Please reproduce, exactly as given, the lines running from the start of the data to the line containing "-Mooi beige leren", inclusive, and omit the pictures.
[Opening DATA SUPPLIED section]
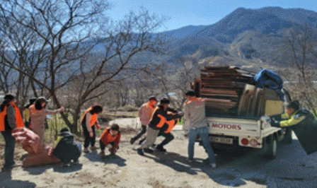 ‘늘 푸른 청정 봉강지킴이단’ 소속 의용소방대 남녀 대원들은 지난해부터 환경정화 활동 책임 구역을 지정받아 체계적으로 활동해 왔으며, 봉강면 신촌마을 일원 산림 연접지 주변에 무단으로 버려진 폐가구 등 쓰레기가 방치돼 산불 위험 요소가 있다는 신고에 따라 산림 정화 활동을 계획하고 약 1톤가량의 쓰레기를 수거했다.
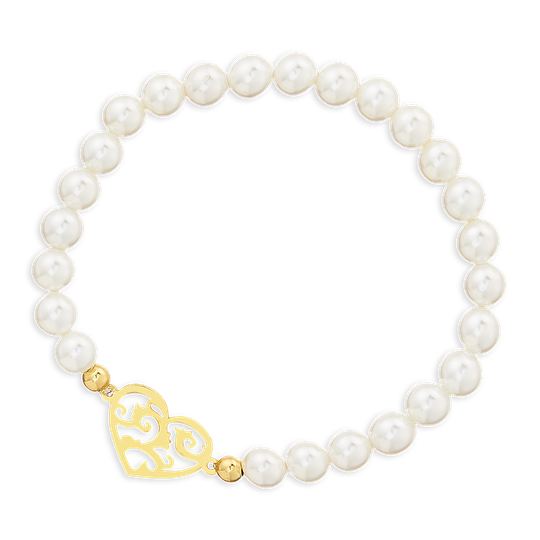 Pulseira com pérolas e medalha em prata dourada em forma de coração com pormenores recortados. Pulseira elástica, sem fecho.
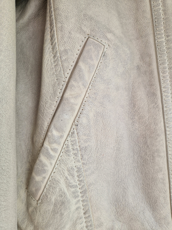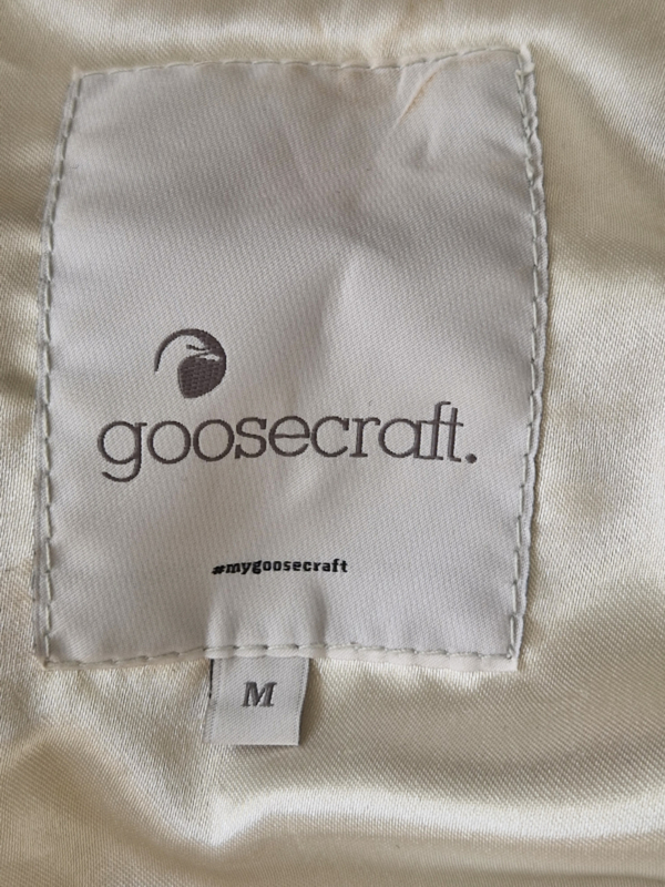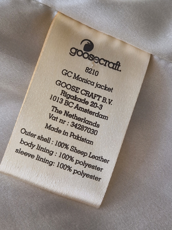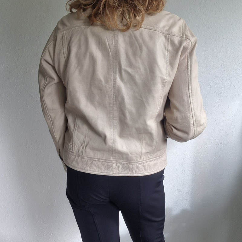 -Mooi beige leren jasje met een diagonale drukknoopsluiting van Goosecraft in maat M. Kan prima gedragen worden met maat 38 en 40.
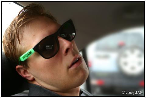 still posting from the archives...One of my buddies from work. This was his "tragic" pose with some of those rubbery kids sunglasses that were in the back seat of the driver's car...they belonged to the drivers kid.
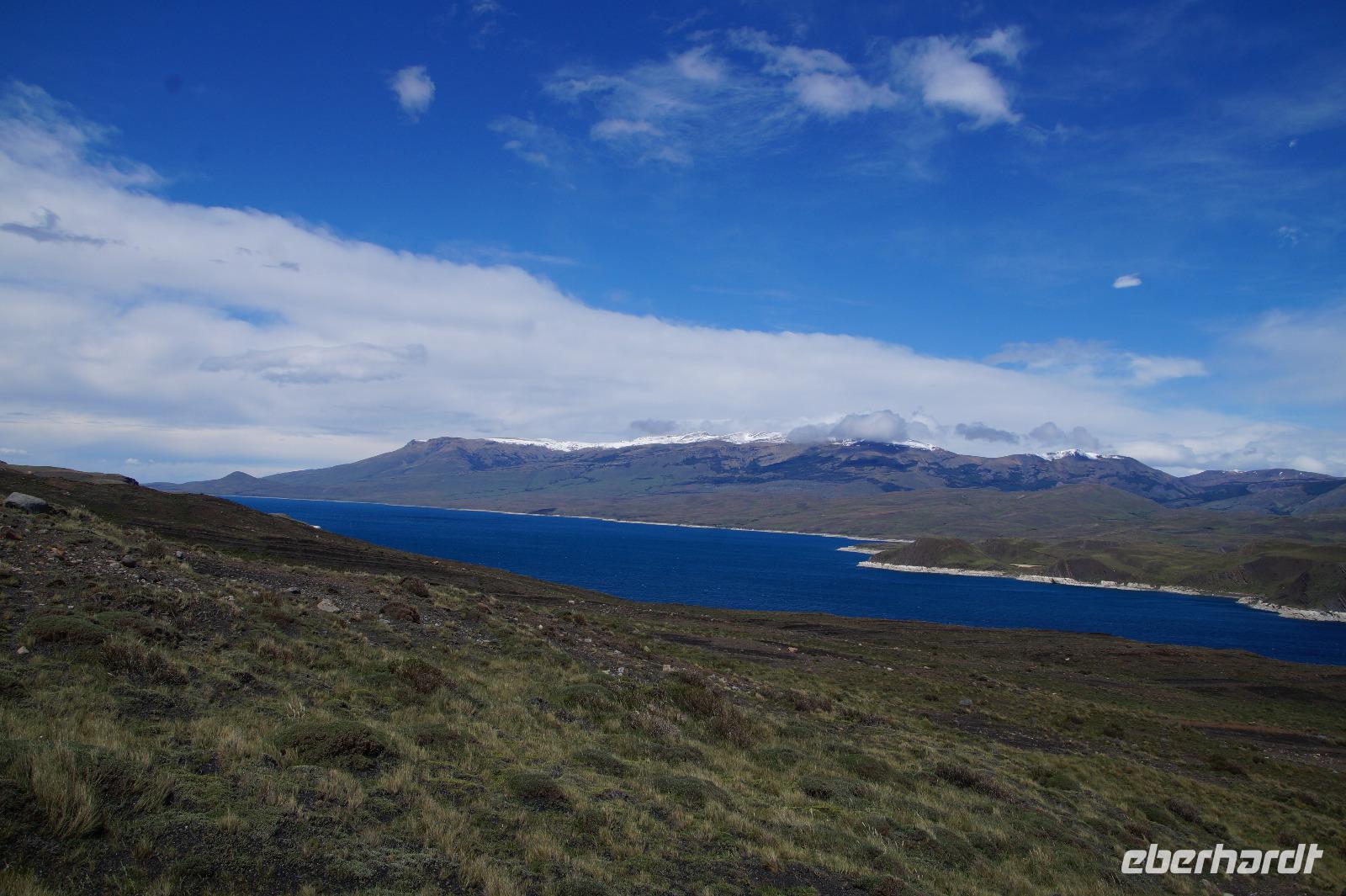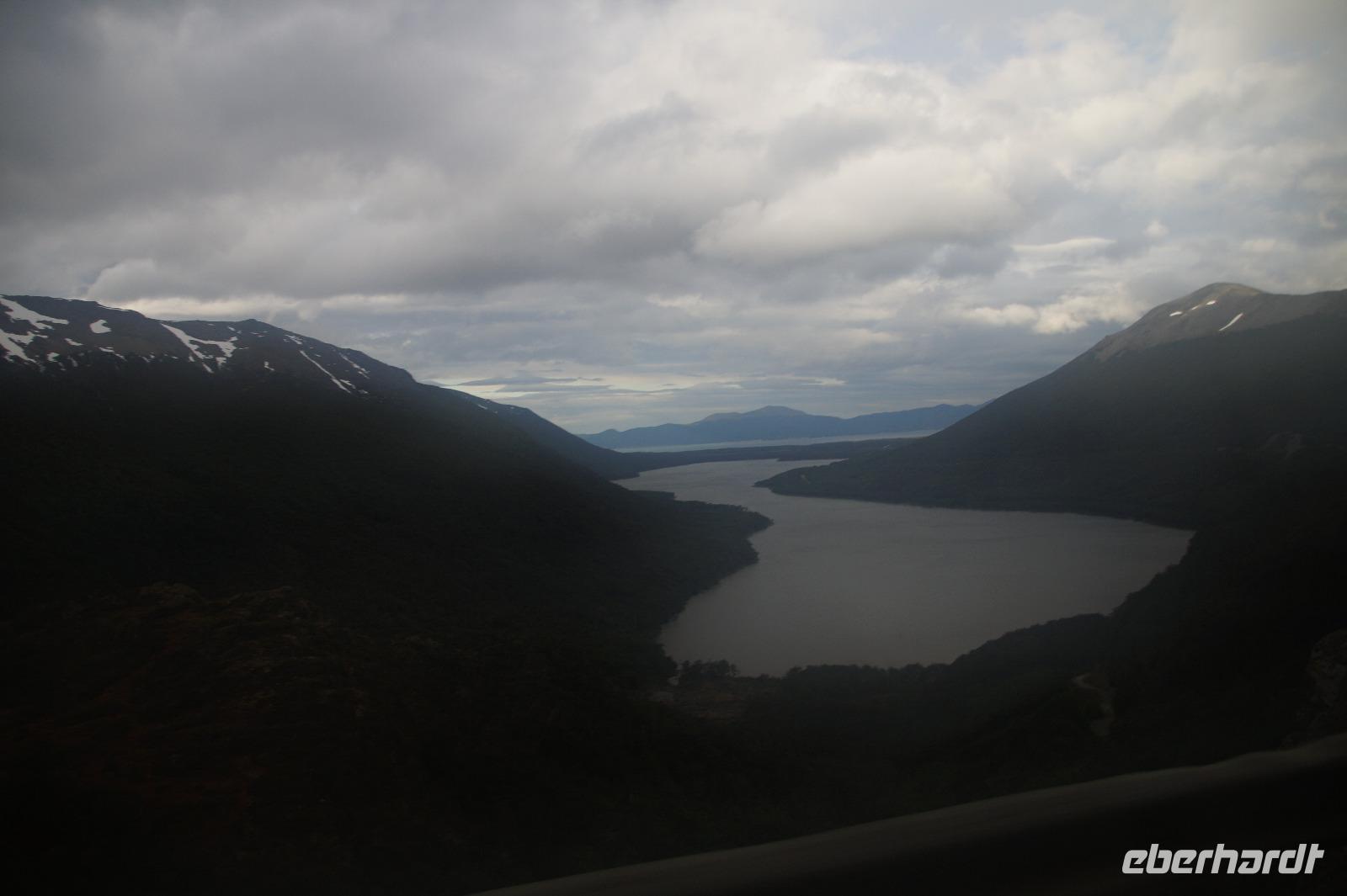 Nach der Wanderung fuhren wir bis zum Lago Roca. Der Lago Roca ist ein See mit drei Namen: einem argentinischen, einem chilenischen und einem indianischen. Roca war ein argentinischer Präsident, der lange als Militär tätig war und mit äußerster Brutalität die patagonische Steppe eroberte. Deshalb ist bei der indianischstämmigen Bevölkerung der Name Roca überaus unbeliebt, in einer Zeremonie "tauften" sie den See in Lago Acigami um. Die Chilenen haben den See, der zum größten Teil auf chilenischem Staatsgebiet liegt, nach ihrem Präsidenten Lago Errázuriz benannt. Da der See aber praktisch nur von Argentinien aus zu erreichen und die indianische Umbenennung in Laco Acigami nicht offiziell anerkannt ist, findet man ihn am leichtesten unter seinem argentinischen Namen Roca.
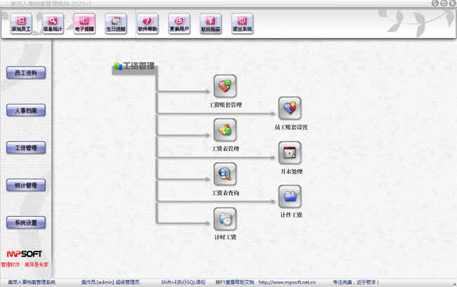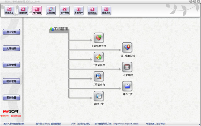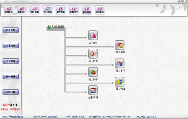 美萍人事档案管理系统是一款专业的人事档案管理系统,人力资源管理系统,人事工资管理软件,美萍人事管理软件界面设计简洁,美观,其人性化的软件流程,使普通用户不需培训也能快速掌握软件操作使用方法,上手极易。强大的报表统计功能更是能让您完整的掌握企业,公司内部的人事,工资,档案的详细情况。美萍企业人事管理软件广泛适用于企业,公司的人事管理,档案管理,是您企业进行人力资源管理的强大工具。
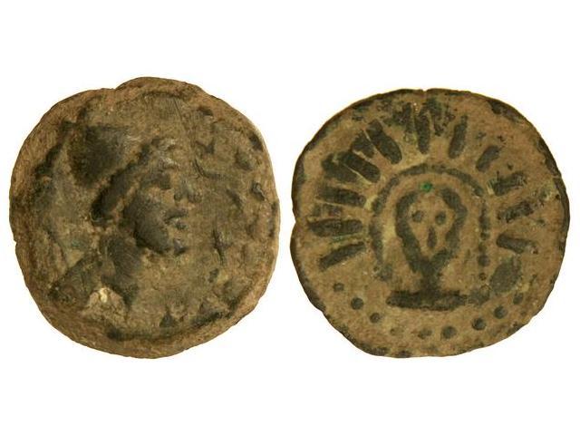 As. MALACA. Anv.: Cabeza de Vulcano con birrete cónico terminado en borla a derecha, delante leyenda, detrás tenazas. Rev.: Cabeza de Helios de frente radiado. 10,20 grs. Variante por la terminación en borla del birrete. Pátina verde oscura.
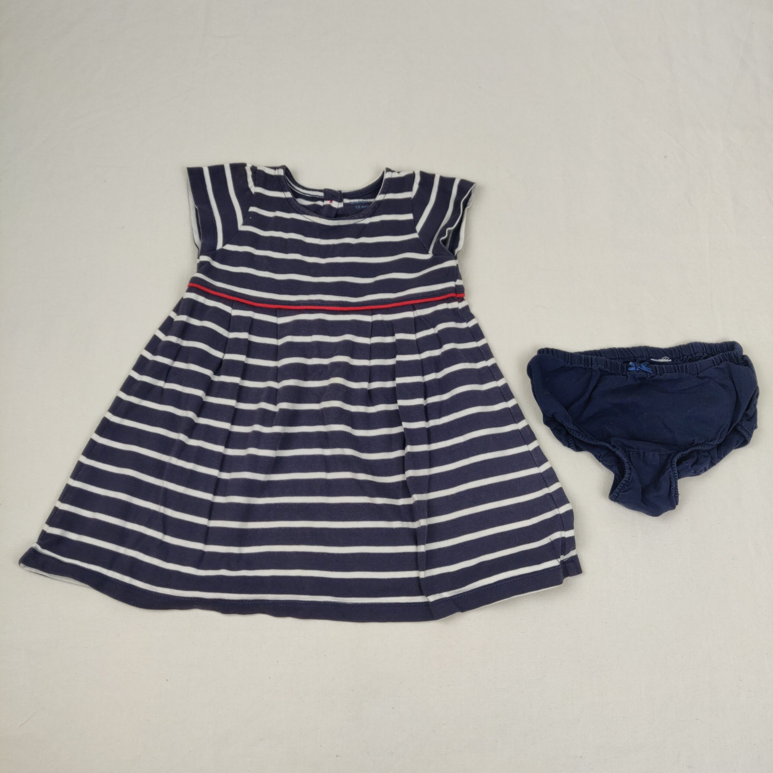 Autres commentaires : Robe bleu marine rayée blanche, à manches courtes, ouverture dans le dos par boutons classiques, avec culotte bleu marine offerte, élastiquée et avec petit noeud devant, taille estimée (sans marque).
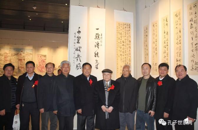 中华孔子学会孔子后裔儒学促进委员会顾问、原二炮后勤部政委孔繁顺将军赠送画展手书的“书存金石画舍沧桑”书法作品。中华孔子学会孔子后裔儒学促进委员会常务理事、民革中央委员、山东画院院长、山东省美术家协会常务副主席孔维克出席开幕式并致辞,中华孔子学会孔子后裔儒学促进委员会顾问、国家功勋教练员、乒坛名将孔令辉之父孔祥智,以及来自各地的儒促会成员、孔子后裔代表出席画展开幕式。
[Closing DATA SUPPLIED section]
## EXERCISE RESPONSE
 ‘늘 푸른 청정 봉강지킴이단’ 소속 의용소방대 남녀 대원들은 지난해부터 환경정화 활동 책임 구역을 지정받아 체계적으로 활동해 왔으며, 봉강면 신촌마을 일원 산림 연접지 주변에 무단으로 버려진 폐가구 등 쓰레기가 방치돼 산불 위험 요소가 있다는 신고에 따라 산림 정화 활동을 계획하고 약 1톤가량의 쓰레기를 수거했다.
 Pulseira com pérolas e medalha em prata dourada em forma de coração com pormenores recortados. Pulseira elástica, sem fecho.
 -Mooi beige leren jasje met een diagonale drukknoopsluiting van Goosecraft in maat M. Kan prima gedragen worden met maat 38 en 40.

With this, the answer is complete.